第二十六章 墙外的重击 (第2/2页)
“会的。”邱云万说,语气有些阴,“云道,周胜的朋友李文和张大山不是都还在省城吗?”
邱云道笑了:“我知道了。”
“云道,你记住,在遗嘱鉴定没有弄好之前,不要冲动。”彭余婷边说边走上楼,头也不回,“都去休息吧。”
……
此后十来天,一切归于平静。
每天凌晨五点,周胜会接到一名自称“佟姐”的女孩的电话,跑步到省医门口,混着早练的新兵队伍进入军分区特训室进行两小时训练。他回到后街37号时,小院里的人都还没有起床。他会给崔紫媗打去电话,那头也会准时回答“知道你训练回来了,我就待在翠湖,哪也不去,李妈照顾我很好。”然后,去省医找陈明远补课,去医专给陆阳补课,时不时和李文去看看张大山和孙宁宁。按部就班。
腊月二十三,傍晚。周胜在医专龚永正处给陆阳补完课,到外面去买了五斤白糖和一些水果,然后去刘教授家拜了个早年。
从刘教授家出来的时候,刘振邦递给他一张纸条:“注意安全,这是我的手机号码。”
下到操场时,李文打来电话:“胜哥,我和大山准备去吃饭,你赶得回来吗?”
“你们去就行,我还要去买几斤白糖,给陈院长拜个早年。”
“那好,我们就不等你。”
挂完电话,李文和张大山说笑着从后街37号院出发,出了大门。二人在街面上走了十来分钟,拐进通往小吃街的巷子。

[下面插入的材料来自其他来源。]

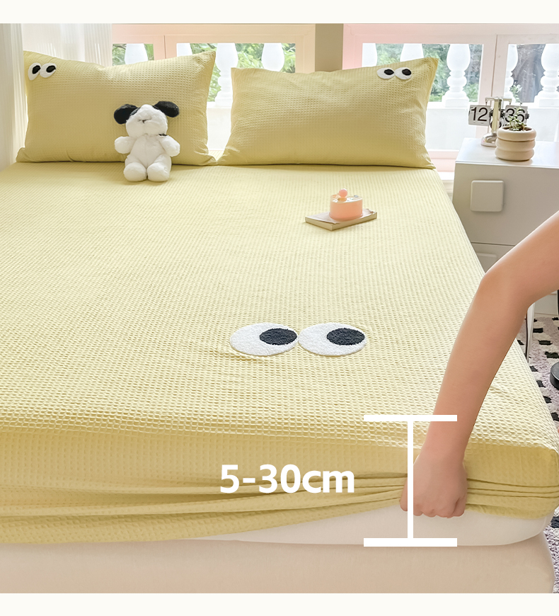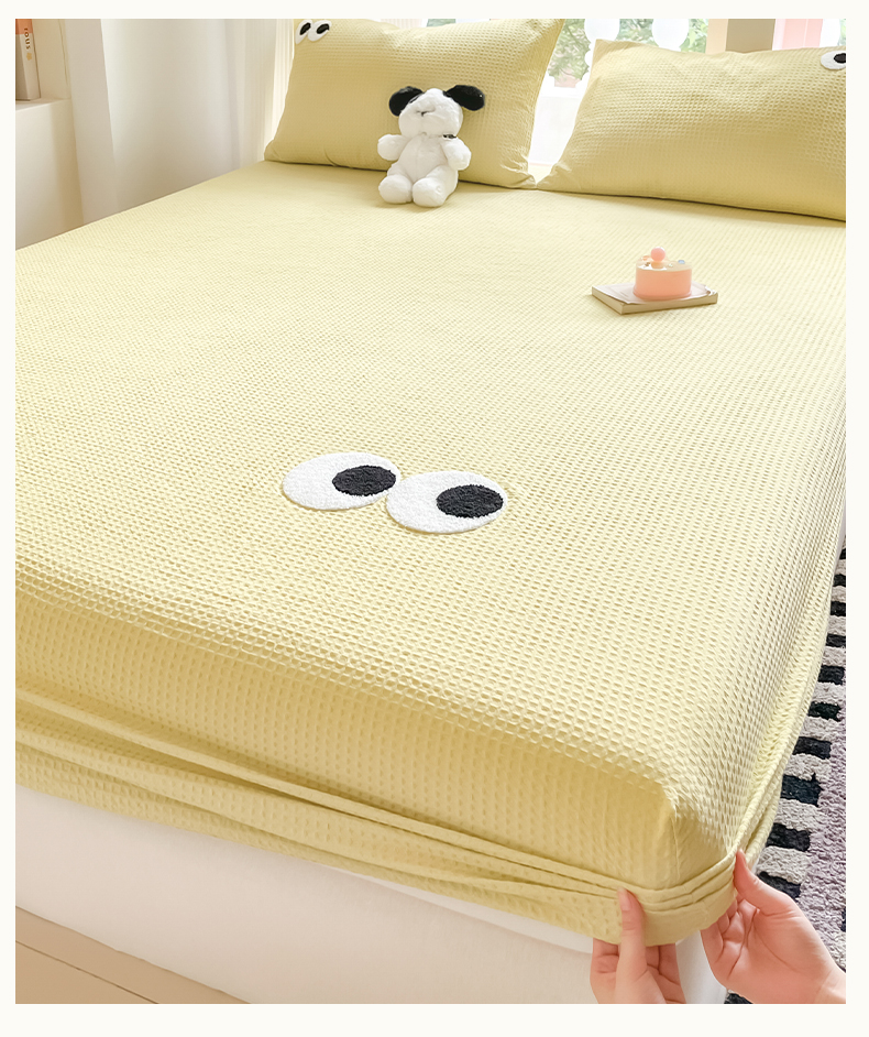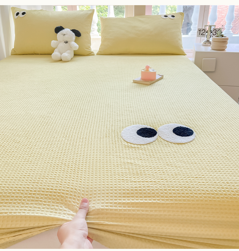 居眠 2024新款全棉华夫格毛巾绣床笠 呆呆大眼-黄

巷子很窄,两边是老旧的居民楼,墙上爬满青苔。这个时间,巷子里没什么人。
走到一半时,前面突然出现三个男人。堵住了去路。
李文和张大山停下脚步,回头——身后也有两个人,慢慢围了上来。
五对二。
“几位大哥,有事?”李文把张大山往身后挡了挡。
为首的是个络腮胡,三十五六岁。他嚼着口香糖,上下打量着两人。
“李文?张大山?”
“是我们。怎么了?”
络腮胡吐掉口香糖,笑了:“没怎么。就是有人托我们带句话。”
“什么话?”
“离周胜远点。”
话音刚落,拳头已经到了眼前。
李文下意识抬手挡,那一拳砸在小臂上,骨头发出沉闷的撞击声。剧痛。他踉跄后退,后背撞在墙上。
张大山冲上来,被旁边一人踹中肚子,跪倒在地。
拳头、脚、膝盖、肘击。像雨点一样落下。没有章法,但足够狠,足够重。专门往不会致命但最疼的地方打——肋骨、腹部、大腿。
李文蜷缩在地上,护着头。他听见骨头断裂的声音,不知道是自己的还是张大山的。血从鼻子和嘴里涌出来,咸腥味弥漫。
“告诉周胜,”络腮胡蹲下身,揪住他的头发,“这次是你们。下次,就不知道是谁了。”
“让他聪明点。”另一个人踩住张大山的手,用力碾,“离崔家的事远点。那不是他一个乡下小子能掺和的。”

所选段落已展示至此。